Marco Antonio Rodríguez
La muerte y la ‘condición humana’
La cabeza decapitada de Luis XVI no fue la de un rey (o la de un ciudadano común llamado Luis Capeto) sino la de la monarquía. El pueblo escuchó de sus labios que era inocente, y era verdad: sumisamente había renunciado a todo lo que el nuevo sistema le había pedido. Las lágrimas de algún pedazo de ese pueblo que aún lo quería fue un sollozo de adiós a la realeza y, a la vez, una bienvenida a la monarquía al reino de los muertos.
“Guardando las distancias”, diría nuestra inveterada minusvalía, la muerte de Fernando Villavicencio marcó un punto de inflexión en el destino histórico inmediato del Ecuador. La pupila lerda del tiempo se encargará de poner el INRI (rótulo de escarnio que transgrede los tiempos) en el nombre de sus victimarios.
Enfermos, casi todos, de hibris, son insaciables: pastorean a látigo su rebaño de ovejas; designan a cualquier tonto de capirote como su sucesor; copan las instituciones republicanas con monigotes y fanfarrones; hacen y deshacen con el quietismo de los demás –cómodos críticos de pacotilla sentados en muelles sillones lanzando dardos, centellas y quejas–. ¿Quién mató a Villavicencio? El grupúsculo cada vez más amplio de gatilleros aprehendidos apenas cuenta.

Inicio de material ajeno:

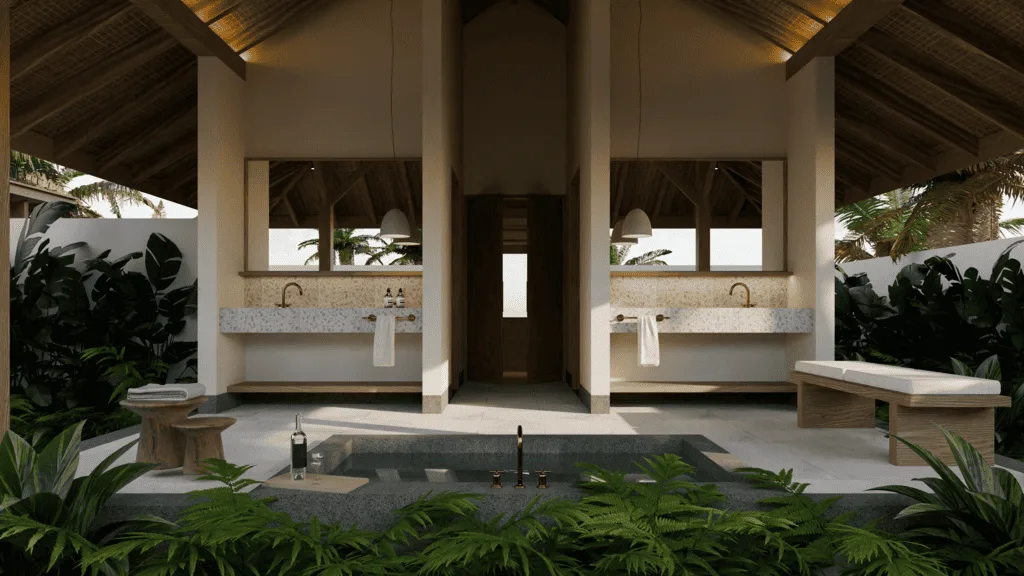 Upon entry, you’re greeted by an expansive open-plan living area, seamlessly blending indoor and outdoor spaces. Floor-to-ceiling windows flood the room with natural light, offering breathtaking views of lush gardens. The chic, contemporary décor is complemented by premium furnishings, creating an atmosphere of relaxation and refinement.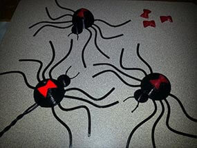 在万圣节聚会上,你一定会看见到处都是假蜘蛛。此处不再讨论任何可能有关蜘蛛的神秘特异功能,重要的是蜘蛛要结网,这向来与时间、进步和命运的消逝相关。 总之,蜘蛛织网是自然界象征生命循环极好的例子——蜘蛛织网,虫子投网,蜘蛛进食,等等。此外,蜘蛛喜欢灰尘多、阴暗的地方,在废弃的房屋(万圣节备受喜爱的去处), 你一定能找到很多蜘蛛和蛛网。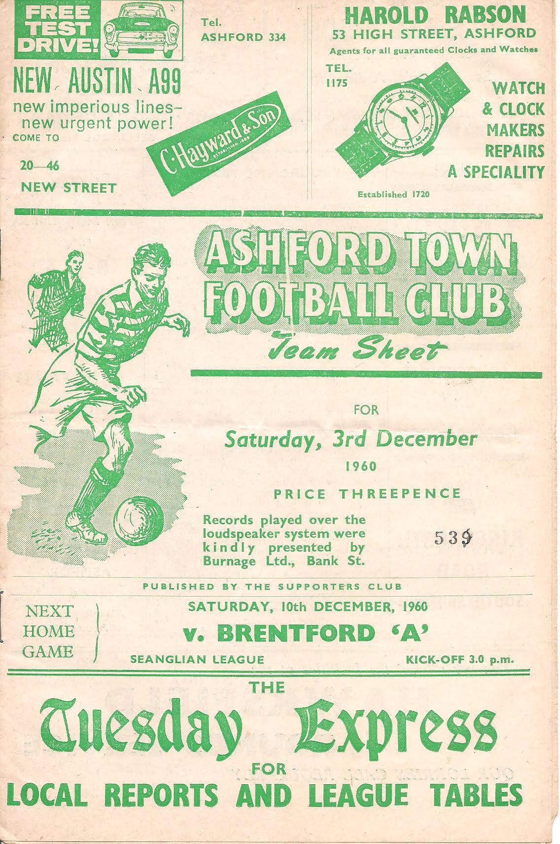 1960/61 03 Dec 1960 Tunbridge Wells United (H) Southern League Division One 1-0 622 Programme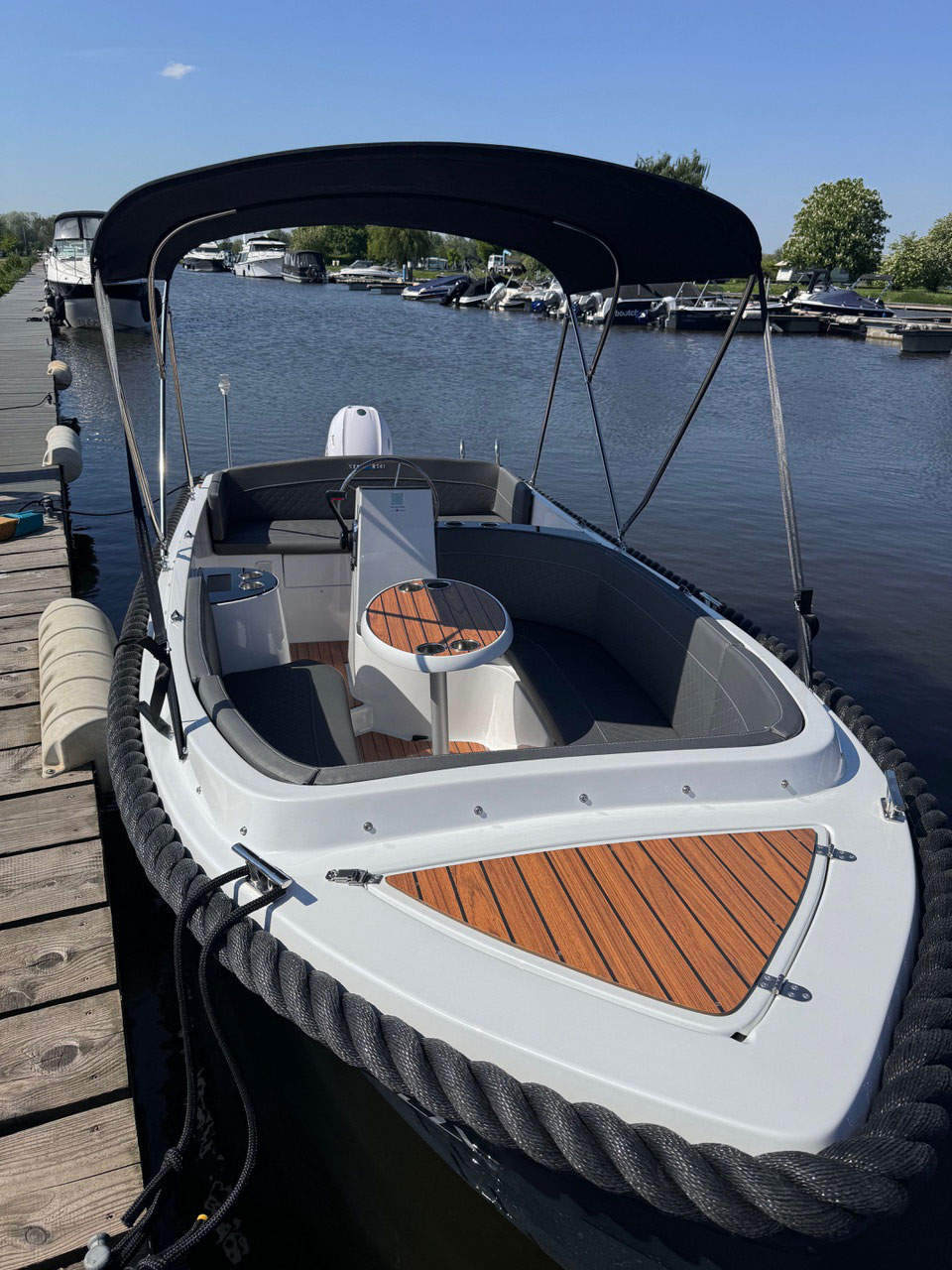 Die Szymanski punktet auch mit vielen kleinen Annehmlichkeiten. Auf Wunsch bauen wir die Sitzfläche zu einem XL-Bett um, auf dem die Passagiere herrlich chillen und sich ausruhen können, während der Kapitän sie sicher durch das Gewässer navigiert. Ein weiterer Pluspunkt ist das Sonnendach (Bimini), das sich bis nach vorne zum Bug spannt. Der dunkelgraue Rumpf macht das Erscheinungsbild der Buzzi IV perfekt.

Ofenden la inteligencia y la dignidad del pueblo quienes creen que vamos a admitir semejante embuste. Detentadores del poder urdieron el crimen. Los operadores son desechables, por sus manos dispararon omnipotentes y omniscientes ejecutores, es decir, los diosecillos ambulatorios que pululan en los albañales de la política.
De inmediato una torva muchedumbre cayó sobre el cadáver de Villavicencio (velatorio de buitres). Hay seres para los que la historia se dispone como un destino. Este es su caso.
Los que distraen un crimen a su favor son peores que sus perpetradores. ¡Con qué inhumanidad forcejean por jirones de su memoria para sus protervos fines! ¿Será posible pedir que dejen en paz a quienes llevan su sangrey a sus verdaderos amigos?